While employment rates have risen for minority women, they are far from the expansion’s biggest winners by other measures. The richest 1 percent of earners — who are heavily white and male — have notched outsize earnings throughout the expansion and recovery. The top 1 percent also received nearly 17 percent of the total first-year benefit from the Trump administration’s $1.5 trillion tax cut, according to the Tax Policy Center.

“We have an issue with wage inequality, income inequality and wealth inequality where most of the growth is going to the top,” said Valerie Wilson, director of the Economic Policy Institute’s program on race, ethnicity and the economy. “Those people are less likely to be women, and much less likely to be women of color.”

But the economic and social trends that have long kept minority women from making job and wage gains appear to be shifting. Hispanic women have historically worked less than any other demographic, earned fewer degrees than white and black women, and had among the highest fertility rates. That is changing: Hispanic women have posted a major fertility decline over the past decade and they have steadily raised college attainment.

The recent job gains show that prolonged economic growth, combined with those social changes, has the power to lift long-marginalized minorities.

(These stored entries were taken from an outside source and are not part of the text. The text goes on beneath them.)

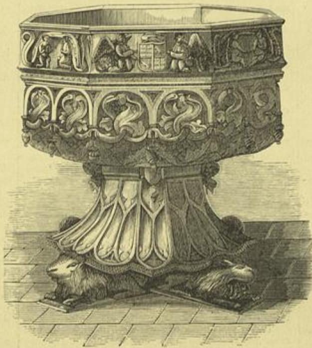
PIA BAPTISMAL DA SÉ DE COIMBRA

Antes de dormirmos uma sesta regalada até á hora de jantar, o Castro aproveitando as suas bellas qualidades de ciceroni já celebres desde o almoço no Barrocal , mostrou-me, para frisar bem o contraste, todos os utensilios da lavoira moderna.
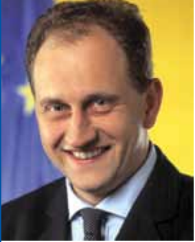
Alexander Graf Lambsdorff neuer Vize-Präsident der ELDR, Vorsitzender der FDP-Delegation im Europäischen Parlament
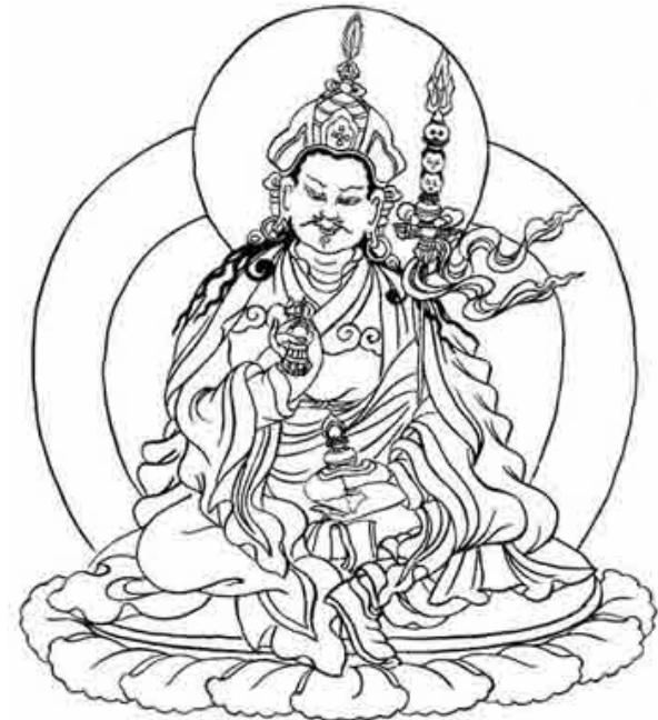
Tranh hoạ đức Liên Hoa Sanh Padmasambhava được lưu trữ tại http://www.mahayana.it/index1.html?nyingma.html

Người đó không ai khác hơn là Padmasambhava , một vị đại hành giả xuất thân từ xứ Uddiyana, vùng Tây-Bắc nước Ấn thời Cổ, ngày nay nằm giữa ranh giới lãnh thổ hai nước A-Phú-Hãn và Pakistan.
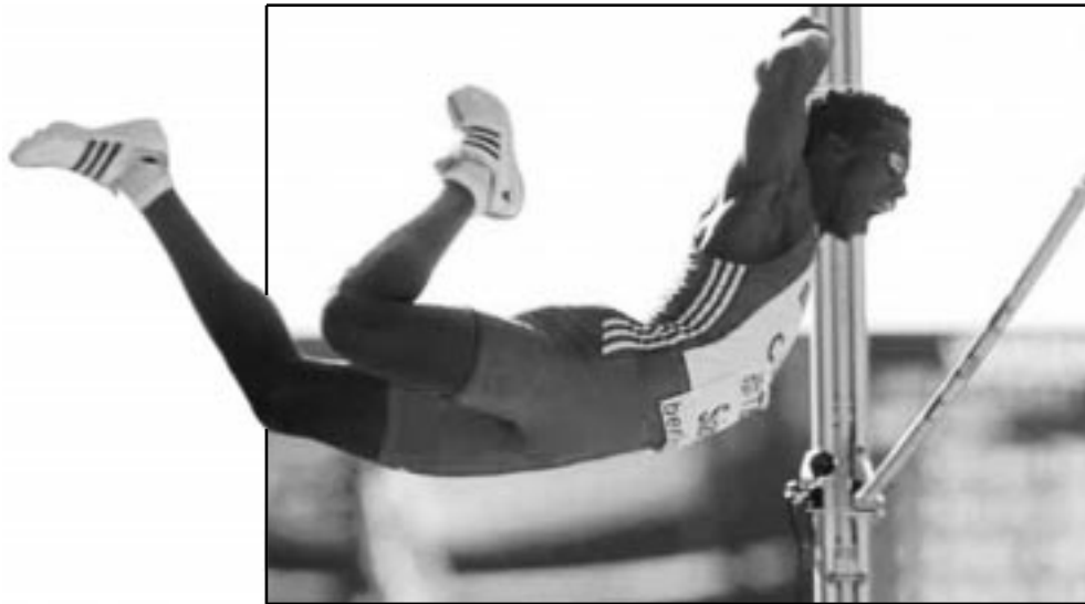
El holguinero consiguió puntuaciones superiores a 800 en siete de las 10 pruebas, incluida la pértiga con salto de 4.66 metros.
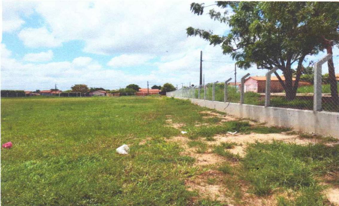
Figura 03 – REFORMA CAMPO FUTEBOL SÃO PEDRO, COM INSTALAÇÃO DE ALAMBRADO

Estaca broca de concreto, armação de pilar, alvenaria de vedação e tela em arame galvanizado.
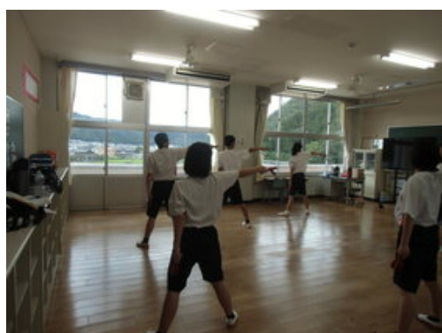
夏休み八中ソーランリーダー研修の様子

いよいよ2学期が始まりました。みなさんは、夏休みの24時間×42日＝1008時間をどのように過ごしたでしょうか。きっと、進路決定に向けて勉強を頑張った人や部活動やクラブチームでの活動を頑張った人など、自分の目標に向かって充実した夏休みを過ごした人が多かったことでしょう。
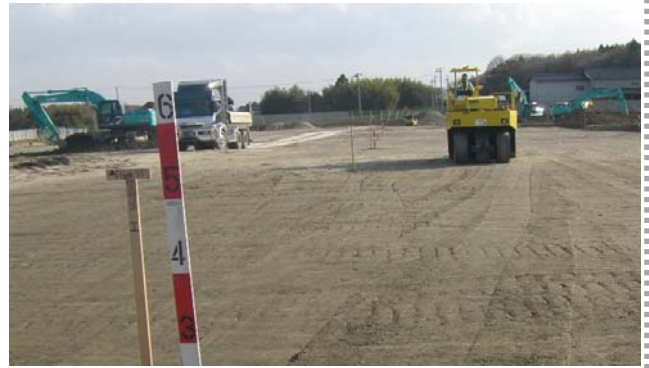
北原地区(南相馬市原町区)の造成工事の様子
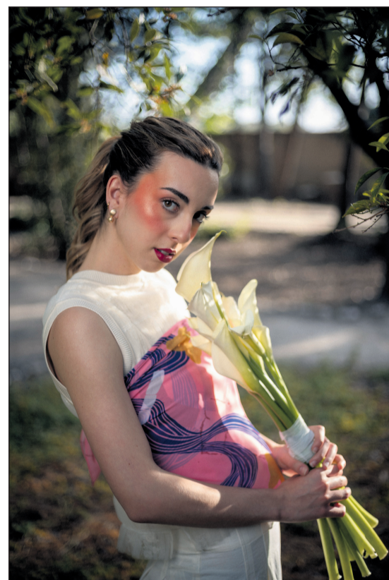
Una de las imágenes de la muestra
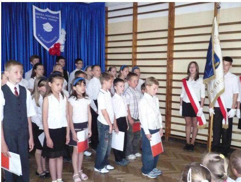
Święto szkoły w 2007 r.

Od 2005 roku obchodzimy pod koniec maja Święto Szkoły. Uroczystość jest okazją do podsumowania pracy uczniów. Tego dnia dyrektor szkoły wręcza dyplomy i nagrody zwycięzcom konkursów: ortograficznych, gramatycznych, matematycznych, historycznych, przyrodniczych. Poznajemy Mistrza Złotego Pióra oraz zwycięzców Konkursu na Króla
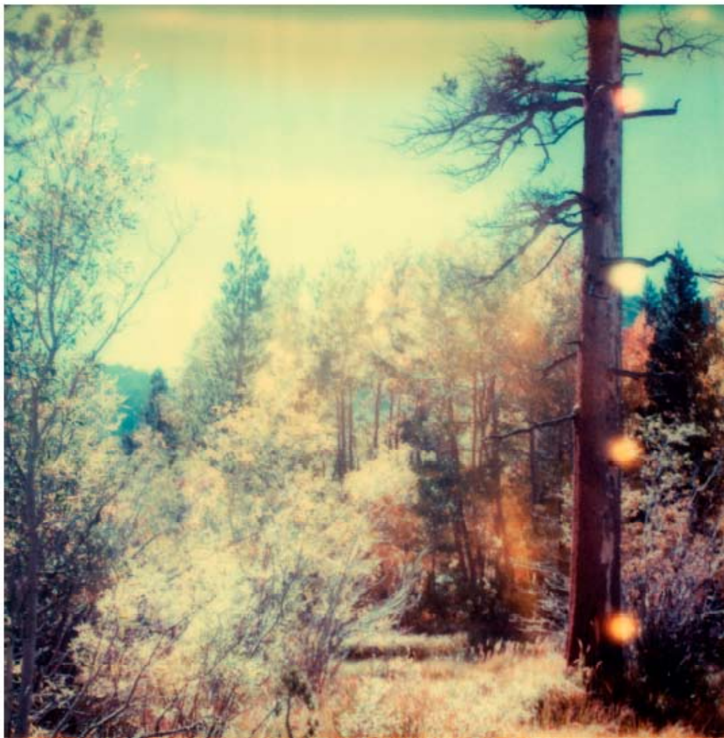
STEFANIE SCHNEIDER, Untitled (Wasteland) , from the series Selection , 2003. Polaroid, 60x70 cm and 120x120 cm.
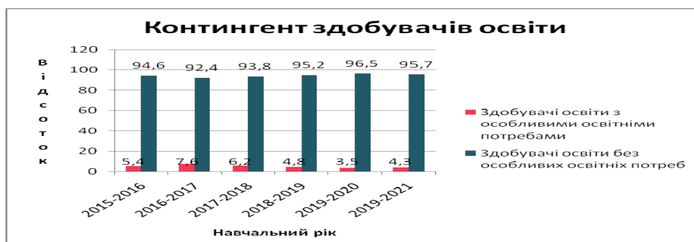
Рис. 1 Контингент здобувачів освіти ДНЗ «Одеський центр професійно-технічної освіти» (2015–2021 рр.).

Окрім того, ДНЗ «Одеський центр професійно-технічної освіти» надає професійну освіту дітям з особливими потребами (зокрема, з порушеннями слуху) як в інклюзивних, так і в спеціальних групах, та забезпечує соціальний захист таких учнів, їх професійну реабілітацію, зайнятість, адаптацію до суспільного життя (рис. 1).

The pattern also offers hopeful news for employers: As these women pour into jobs, they are providing a new source of labor in an economy where workers are increasingly scarce.

The expansion record won’t be official until growth data is reported over the coming months, but America has clearly experienced a long period of job market healing. Unemployment is near its lowest level in 50 years and prime-age employment rates have bounced back after falling off sharply during the 2007-2009 recession and its aftermath.

That progress has allowed the black work force to begin recovering from a painful recession. For Hispanic women, the recent gains are part of a more long-running trend toward higher employment, but one that has recently accelerated.

Starting around 2012 and picking up around 2014, Hispanic women between 25 and 34 began pouring into jobs, contributing substantially to the group’s overall progress. They now work at their highest rates on record. Hispanic women concentrate strongly in service jobs including health care, which have grown throughout the expansion.

“It does seem like there’s something structural happening,” said Ernie Tedeschi, policy economist at Evercore ISI.

Education is a big part of the story. While the share of whites and blacks age 18 to 24 who were enrolled in college actually dropped slightly between 2010 and 2016, the share of Hispanic women going for a degree jumped to 41 percent from 36 percent.

That’s an improvement from a low level — 48.9 percent of white women were enrolled, by way of comparison — but it has major job market implications. Employment rates climb steadily with educational attainment.

Mariah Celestine, 25, is a student at Columbia Business School and the first person in her family to pursue a master’s degree. She has a firsthand view of the cultural shift. Going back to school and leaving her salary at Bank of America was a difficult choice, because she was financially helping an aunt in New York and her extended family in Puerto Rico.